Sob a aparência de uma clínica de massoterapia na Asa Norte, em Brasília, opera um estabelecimento que oferece serviços sexuais disfarçados de tratamentos de bem-estar. O local, situado no subsolo de uma quadra comercial movimentada, promove um ambiente reservado com toalhas higienizadas e atendimento profissional, mas na realidade funciona como um ponto de prostituição direcionado principalmente à clientela da Esplanada dos Ministérios. Os serviços são anunciados de forma velada, com opções como “rapidinhas” durante o horário de almoço ou ao final do expediente, garantindo discrição para evitar exposição pública.
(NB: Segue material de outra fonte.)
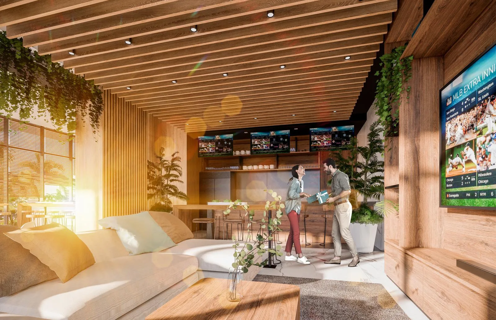The property includes a semi-Olympic swimming pool, children's pools, and an indoor and outdoor children's club. Additional amenities consist of a spa, a steam bath, a gym, a ballroom, a sports bar, and a grill area.

O acesso ao local é projetado para manter o sigilo: durante o horário comercial, os clientes utilizam uma escada lateral do prédio, enquanto após as 18h, sábados e feriados, a entrada se dá pela portaria dos fundos via interfone, isolando o fluxo do público geral da quadra. Ao entrar pela porta de vidro fumê, o cliente é recebido em uma sala de espera simples, equipada com divã de couro preto e ar-condicionado. Uma gerente de meia-idade explica os valores sem rodeios: R$ 250 pela “massagem e o relax final”, divididos em R$ 170 pela suposta terapia e R$ 80 pelo “aditivo especial”, denominado “xerecada da alegria”.
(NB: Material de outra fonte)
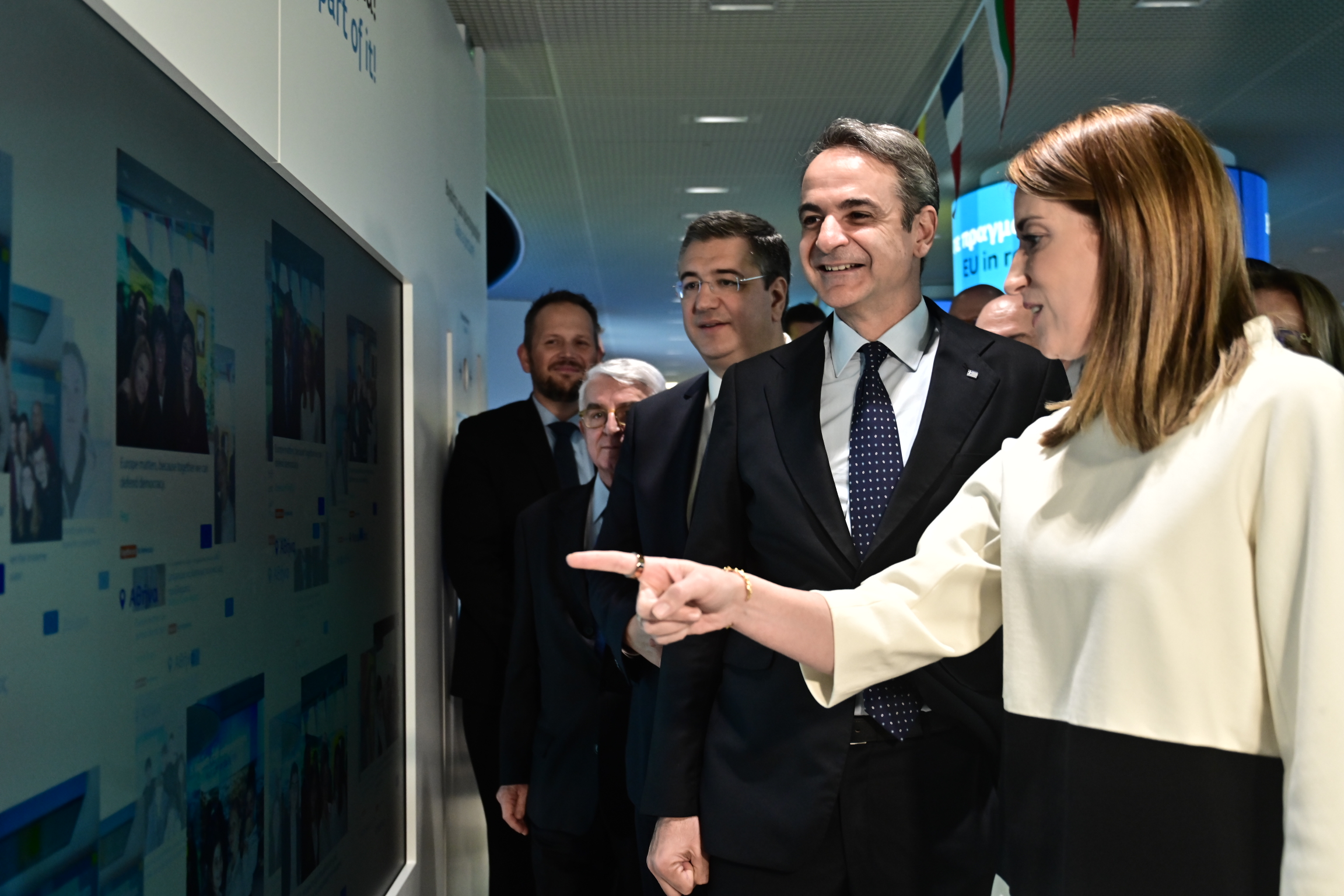 Ο Πρωθυπουργός ξεναγήθηκε, μαζί με την κα Metsola και τον Ευρωπαίο Επίτροπο Βιώσιμων Μεταφορών και Τουρισμού Απόστολο Τζιτζικώστα, στις εγκαταστάσεις του κέντρου, όπου οι επισκέπτες έχουν τη δυνατότητα να ενημερωθούν, μέσα από διαδραστικές εμπειρίες και ψηφιακά εργαλεία, για τον τρόπο λειτουργίας της Ευρωπαϊκής Ένωσης, τις πρωτοβουλίες και τον ρόλο των θεσμών της και την επίδραση των ευρωπαϊκών πολιτικών στην καθημερινότητα των πολιτών, ενώ παράλληλα προσφέρονται χώροι συζήτησης και διδασκαλίας.

As “terapeutas” são apresentadas individualmente ao cliente, com trajes que revelam a verdadeira natureza do serviço. Uma jovem de cabelos longos e pretos, com aparelho nos dentes, veste short e top; outra, voluptuosa, usa camisola vermelha transparente; e a terceira, mais velha, opta por short e mini blusa. Especialistas consultados destacam que o uso indevido do termo “terapeuta” descredibiliza profissionais legítimos da massoterapia, que exigem formação e ética para garantir a saúde dos pacientes, configurando uma violação ética e um risco à saúde física e psicológica envolvida.
A apuração revela que essa apropriação serve para driblar fiscalizações e conferir legitimidade ao negócio, transformando o “toque terapêutico” em uma senha para atividades proibidas no coração da capital federal.